Diesen Teil des Klagebegehrens wies das Erstgericht wegen Bestehens des Prozesshindernisses der entschiedenen Sache zurück. Nachdem der Kläger bereits ein rechtskräftiges Teilanerkenntnis erwirkt habe, stehe ihm die Geltendmachung weiterer Gewährleistungsansprüche denselben Mangel betreffend nicht mehr zu. Zwar hätte er während des Verfahrens von seinem Verbesserungsbegehren auf Geldersatz umstellen können, nunmehr stehe dem aber die Rechtskraft des Teilanerkenntnisurteils entgegen.
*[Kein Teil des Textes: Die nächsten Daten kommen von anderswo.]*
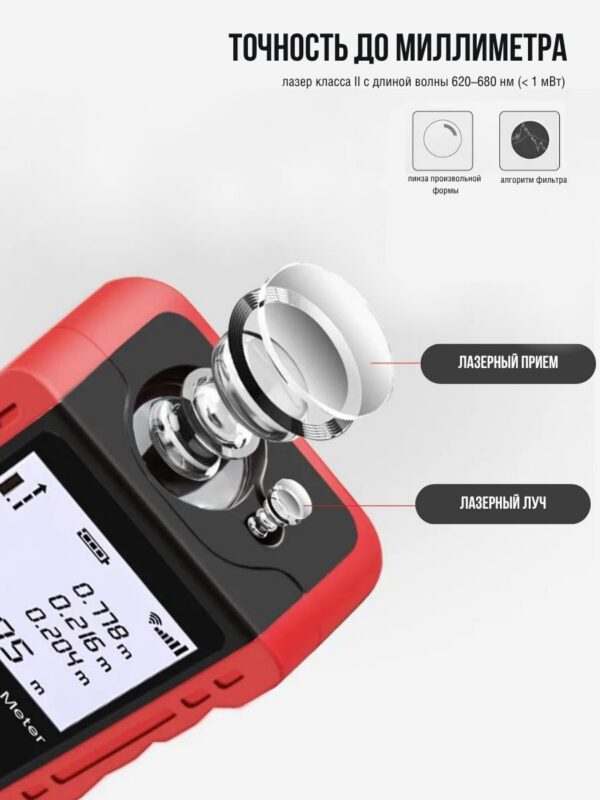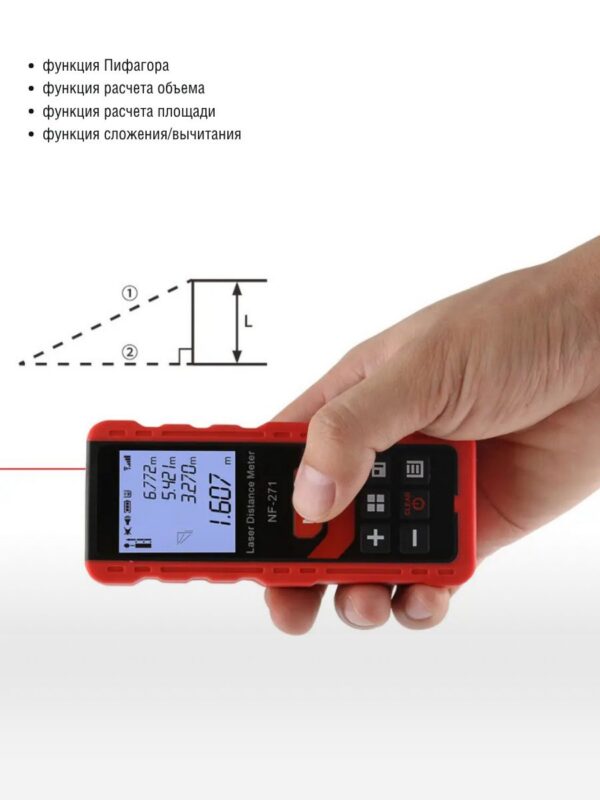 - Измерение с точностью — Одиночное/непрерывное измерение, положительное и отрицательное измерение, а также автоматическое горизонтальное/вертикальное измерение. (точность 50м+-2 мм)

Dieses sei nach den Bestimmungen der Exekutionsordnung durchzusetzen.

Einem dagegen erhobenen Rekurs des Beklagten gab das Gericht zweiter Instanz Folge, hob die Klagszurückweisung auf und trug dem Erstgericht die Fortsetzung des Verfahrens über den entsprechenden Teil des Klagebegehrens auf. Es liege kein Verstoß gegen § 411 ZPO vor, weil der Kläger weder dieselbe Leistung fordere noch die zur Begründung des späteren Begehrens vorgetragenen rechtserzeugenden Tatsachen ident mit jenen seien, auf die sich die rechtskräftige Entscheidung gründe. Das neue Begehren auf Zahlung der Kosten für den Austausch des Parkettbodens sei mit der Begründung erhoben worden, eine Sanierung könne nur durch gänzlichen Austausch erfolgen, den der Beklagte jedoch verweigere. Es handle sich also weder um ein gleiches Begehren, noch sei dieses auf denselben rechtserzeugenden Sachverhalt gestützt worden.

In Übereinstimmung mit dazu ergangener Judikatur hat das Rekursgericht die Identität des Geldanspruchs (hier auf Ersatz von Deckungskapital) mit der dem Kläger bereits rechtskräftig zuerkannten Verpflichtung des Beklagten, „den Parkettboden zu sanieren", verneint. Identität eines Anspruchs iSd § 411 ZPO liegt nämlich nur dann vor, wenn das neu gestellte Begehren sowohl inhaltlich dieselbe Leistung, Feststellung oder Rechtsgestaltung fordert, wie sie bereits Gegenstand des rechtskräftigen Vorerkenntnisses war, und auch zur Begründung des neuen Begehrens vorgetragene rechtserzeugenden Tatsachen dieselben sind, auf die sich die rechtskräftige Entscheidung gründet (vgl RIS-Justiz RS0041229, zuletzt 10 Ob 11/08b; RIS-Justiz RS0039347, zuletzt 5 Ob 75/09g).

Unvorgreiflich der gesondert zu beurteilenden Frage der Berechtigung des Begehrens (vgl zur Präklusionswirkung der rechtskräftigen Vorentscheidung: 10 Ob 11/08b; RIS-Justiz RS0041157), hat das Rekursgericht in Übereinstimmung mit bestehender Rechtsprechung die Zurückweisung des diesbezüglichen Teils des Klagebegehrens aufgehoben.

Rechtsfragen von der Qualität des § 528 Abs 1 ZPO waren in diesem Zusammenhang daher ebenfalls nicht entscheidungswesentlich.

Die außerordentliche Revision und der außerordentliche Revisionsrekurs waren daher zurückzuweisen.